*Task statement*
Scan the entries below for the word "with" and copy every line in which it occurs.

*Exercise material*
● ● ● ● ● ● ●

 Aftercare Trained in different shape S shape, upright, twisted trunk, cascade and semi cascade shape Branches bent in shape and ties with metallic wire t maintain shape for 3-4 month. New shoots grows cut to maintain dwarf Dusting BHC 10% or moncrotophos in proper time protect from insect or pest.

● ● ● ● ● ● ●

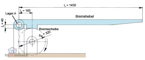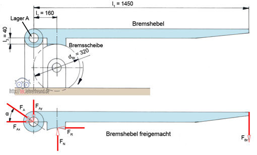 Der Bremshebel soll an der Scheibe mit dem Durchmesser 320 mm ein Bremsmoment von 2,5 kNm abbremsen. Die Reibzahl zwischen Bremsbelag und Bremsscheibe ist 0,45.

● ● ● ● ● ● ●

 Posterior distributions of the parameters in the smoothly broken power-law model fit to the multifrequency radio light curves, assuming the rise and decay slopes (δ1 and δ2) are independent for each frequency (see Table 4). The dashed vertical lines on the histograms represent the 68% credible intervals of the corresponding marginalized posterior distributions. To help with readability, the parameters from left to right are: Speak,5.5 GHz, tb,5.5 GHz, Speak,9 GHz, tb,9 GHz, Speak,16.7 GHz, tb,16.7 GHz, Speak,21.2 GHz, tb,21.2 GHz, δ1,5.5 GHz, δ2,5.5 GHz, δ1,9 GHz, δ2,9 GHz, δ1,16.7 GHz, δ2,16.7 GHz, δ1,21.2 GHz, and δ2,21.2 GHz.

● ● ● ● ● ● ●

*Exercise answer*
 Aftercare Trained in different shape S shape, upright, twisted trunk, cascade and semi cascade shape Branches bent in shape and ties with metallic wire t maintain shape for 3-4 month. New shoots grows cut to maintain dwarf Dusting BHC 10% or moncrotophos in proper time protect from insect or pest.
 Posterior distributions of the parameters in the smoothly broken power-law model fit to the multifrequency radio light curves, assuming the rise and decay slopes (δ1 and δ2) are independent for each frequency (see Table 4). The dashed vertical lines on the histograms represent the 68% credible intervals of the corresponding marginalized posterior distributions. To help with readability, the parameters from left to right are: Speak,5.5 GHz, tb,5.5 GHz, Speak,9 GHz, tb,9 GHz, Speak,16.7 GHz, tb,16.7 GHz, Speak,21.2 GHz, tb,21.2 GHz, δ1,5.5 GHz, δ2,5.5 GHz, δ1,9 GHz, δ2,9 GHz, δ1,16.7 GHz, δ2,16.7 GHz, δ1,21.2 GHz, and δ2,21.2 GHz.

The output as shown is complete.